What the exercise asks:
In the listing that follows, the range to quote begins at the line that has "Another factor I" and ends after the line that has "Jute kleed met"; quote it verbatim and add nothing.

Data excerpts:
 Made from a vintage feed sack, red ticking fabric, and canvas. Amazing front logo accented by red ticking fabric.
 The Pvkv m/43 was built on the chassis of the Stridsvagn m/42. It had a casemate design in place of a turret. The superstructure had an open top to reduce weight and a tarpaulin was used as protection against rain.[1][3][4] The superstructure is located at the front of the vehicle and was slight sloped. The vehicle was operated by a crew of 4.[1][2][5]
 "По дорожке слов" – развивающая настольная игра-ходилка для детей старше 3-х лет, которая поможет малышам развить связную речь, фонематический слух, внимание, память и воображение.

--

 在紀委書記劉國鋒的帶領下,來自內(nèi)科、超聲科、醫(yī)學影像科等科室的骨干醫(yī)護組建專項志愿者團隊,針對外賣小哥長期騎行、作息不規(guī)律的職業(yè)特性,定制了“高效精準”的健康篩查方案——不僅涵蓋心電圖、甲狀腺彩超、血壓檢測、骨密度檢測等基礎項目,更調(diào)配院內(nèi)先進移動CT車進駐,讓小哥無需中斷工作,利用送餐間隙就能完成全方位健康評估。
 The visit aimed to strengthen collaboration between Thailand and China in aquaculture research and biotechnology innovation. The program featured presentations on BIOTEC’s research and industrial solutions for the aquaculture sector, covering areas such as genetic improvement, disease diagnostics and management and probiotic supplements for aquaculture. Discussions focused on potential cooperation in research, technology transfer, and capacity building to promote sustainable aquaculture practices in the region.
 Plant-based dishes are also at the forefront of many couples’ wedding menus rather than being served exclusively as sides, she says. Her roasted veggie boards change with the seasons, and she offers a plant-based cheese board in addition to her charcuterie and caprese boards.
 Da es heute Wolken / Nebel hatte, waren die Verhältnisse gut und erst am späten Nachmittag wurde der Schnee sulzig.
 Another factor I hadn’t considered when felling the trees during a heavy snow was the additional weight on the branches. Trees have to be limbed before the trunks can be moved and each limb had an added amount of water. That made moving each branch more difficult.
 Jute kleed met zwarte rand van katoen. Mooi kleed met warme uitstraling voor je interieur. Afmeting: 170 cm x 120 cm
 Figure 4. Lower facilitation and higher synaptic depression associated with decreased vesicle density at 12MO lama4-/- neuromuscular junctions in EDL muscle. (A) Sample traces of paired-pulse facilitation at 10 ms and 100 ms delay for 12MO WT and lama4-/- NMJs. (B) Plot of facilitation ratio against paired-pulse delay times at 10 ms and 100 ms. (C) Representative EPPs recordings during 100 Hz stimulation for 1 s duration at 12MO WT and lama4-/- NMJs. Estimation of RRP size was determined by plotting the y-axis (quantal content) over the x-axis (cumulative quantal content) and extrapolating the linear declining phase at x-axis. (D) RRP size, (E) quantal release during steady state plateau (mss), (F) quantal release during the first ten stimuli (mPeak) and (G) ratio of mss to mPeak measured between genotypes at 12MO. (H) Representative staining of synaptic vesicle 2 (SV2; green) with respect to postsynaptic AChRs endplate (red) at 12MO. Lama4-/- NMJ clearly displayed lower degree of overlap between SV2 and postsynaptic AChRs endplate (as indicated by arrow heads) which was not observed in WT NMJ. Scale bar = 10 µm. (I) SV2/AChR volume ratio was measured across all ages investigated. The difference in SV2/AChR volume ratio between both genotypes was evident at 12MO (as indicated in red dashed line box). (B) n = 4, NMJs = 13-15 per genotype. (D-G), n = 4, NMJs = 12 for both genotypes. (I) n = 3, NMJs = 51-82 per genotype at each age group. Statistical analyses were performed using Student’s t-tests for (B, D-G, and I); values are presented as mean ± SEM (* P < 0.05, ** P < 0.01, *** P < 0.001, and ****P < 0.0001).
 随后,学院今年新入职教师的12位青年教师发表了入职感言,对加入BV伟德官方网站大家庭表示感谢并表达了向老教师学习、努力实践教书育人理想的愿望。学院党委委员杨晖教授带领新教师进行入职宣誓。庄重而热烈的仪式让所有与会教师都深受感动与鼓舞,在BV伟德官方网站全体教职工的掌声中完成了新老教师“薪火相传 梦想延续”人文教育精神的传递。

Finished exercise:
 Another factor I hadn’t considered when felling the trees during a heavy snow was the additional weight on the branches. Trees have to be limbed before the trunks can be moved and each limb had an added amount of water. That made moving each branch more difficult.
 Jute kleed met zwarte rand van katoen. Mooi kleed met warme uitstraling voor je interieur. Afmeting: 170 cm x 120 cm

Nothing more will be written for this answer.